# EXERCISE DESCRIPTION
Below are records with pictures in them. Transcribe everything from the line containing "Tmavší měděná barva, téměř" down to the line containing "White teddy jacket", exactly, and leave the pictures behind.

# GIVEN ENTRIES

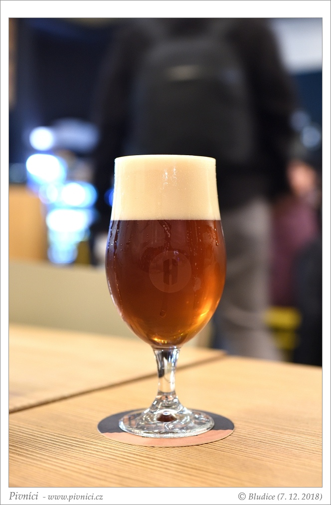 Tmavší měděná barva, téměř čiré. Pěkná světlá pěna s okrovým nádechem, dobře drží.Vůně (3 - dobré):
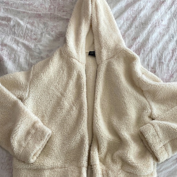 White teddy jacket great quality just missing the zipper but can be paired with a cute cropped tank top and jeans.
---
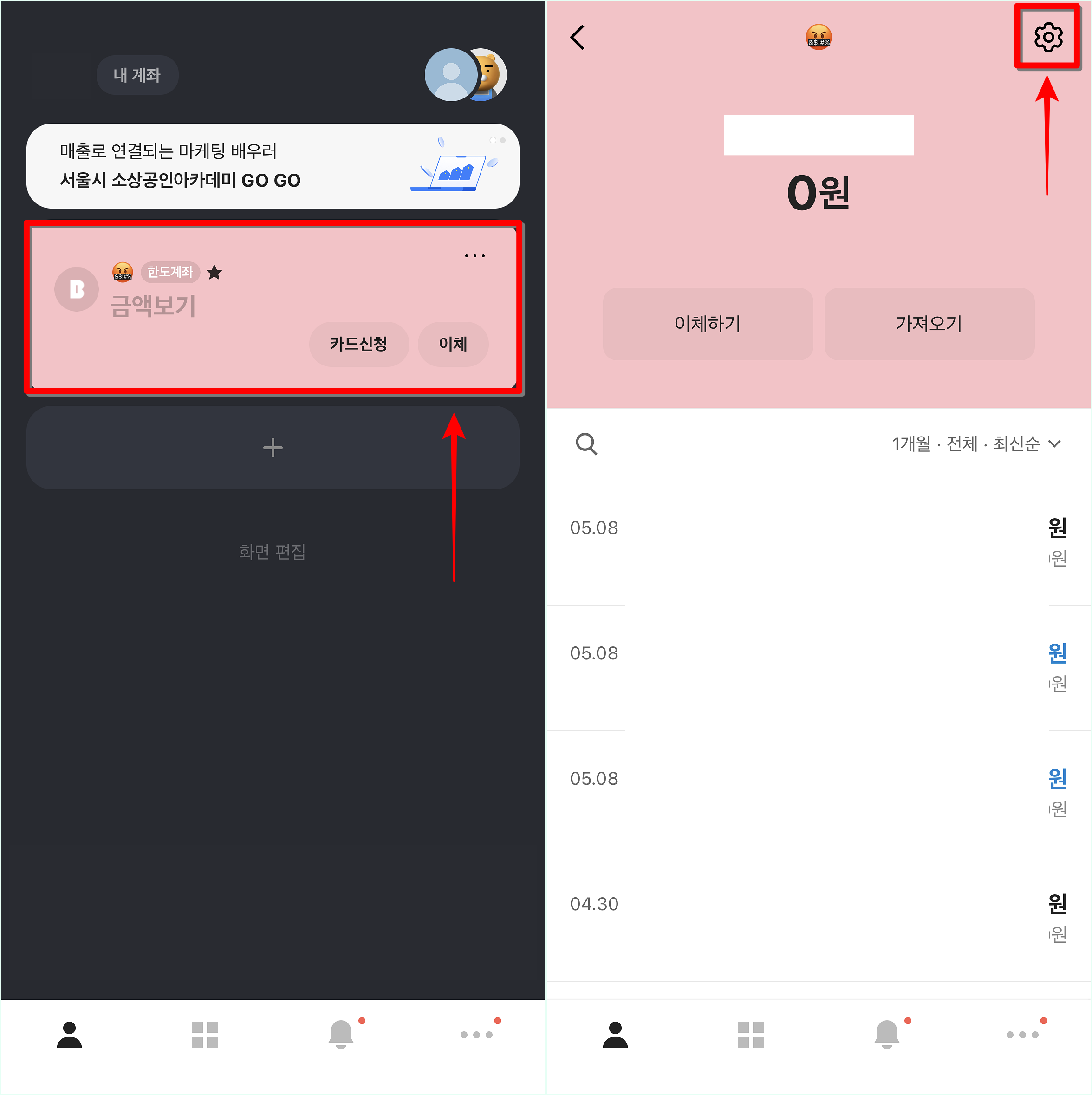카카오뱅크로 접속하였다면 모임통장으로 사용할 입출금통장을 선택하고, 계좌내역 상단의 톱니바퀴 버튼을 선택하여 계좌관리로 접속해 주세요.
---
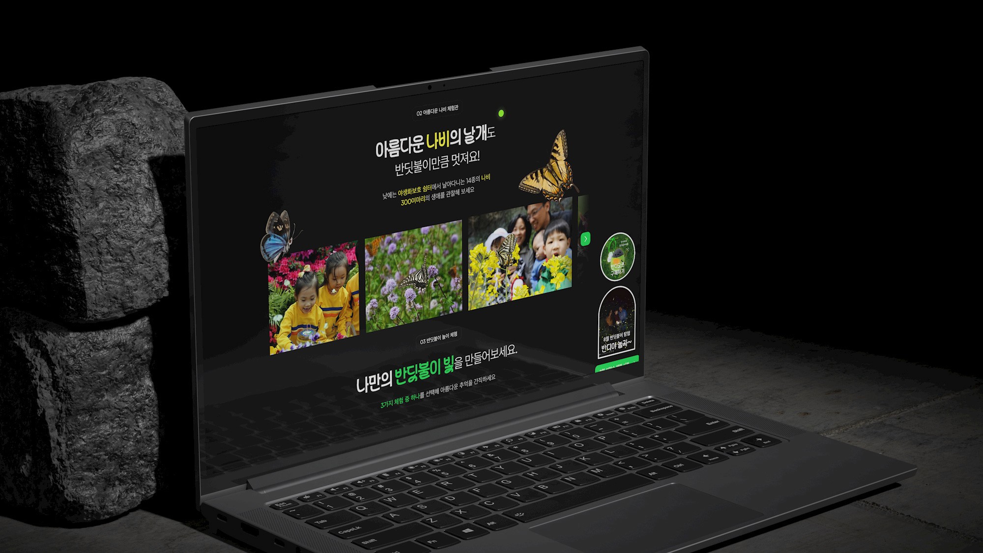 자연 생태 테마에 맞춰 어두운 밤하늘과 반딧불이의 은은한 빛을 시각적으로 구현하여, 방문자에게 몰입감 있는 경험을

# RESPONSE
 Tmavší měděná barva, téměř čiré. Pěkná světlá pěna s okrovým nádechem, dobře drží.Vůně (3 - dobré):
 White teddy jacket great quality just missing the zipper but can be paired with a cute cropped tank top and jeans.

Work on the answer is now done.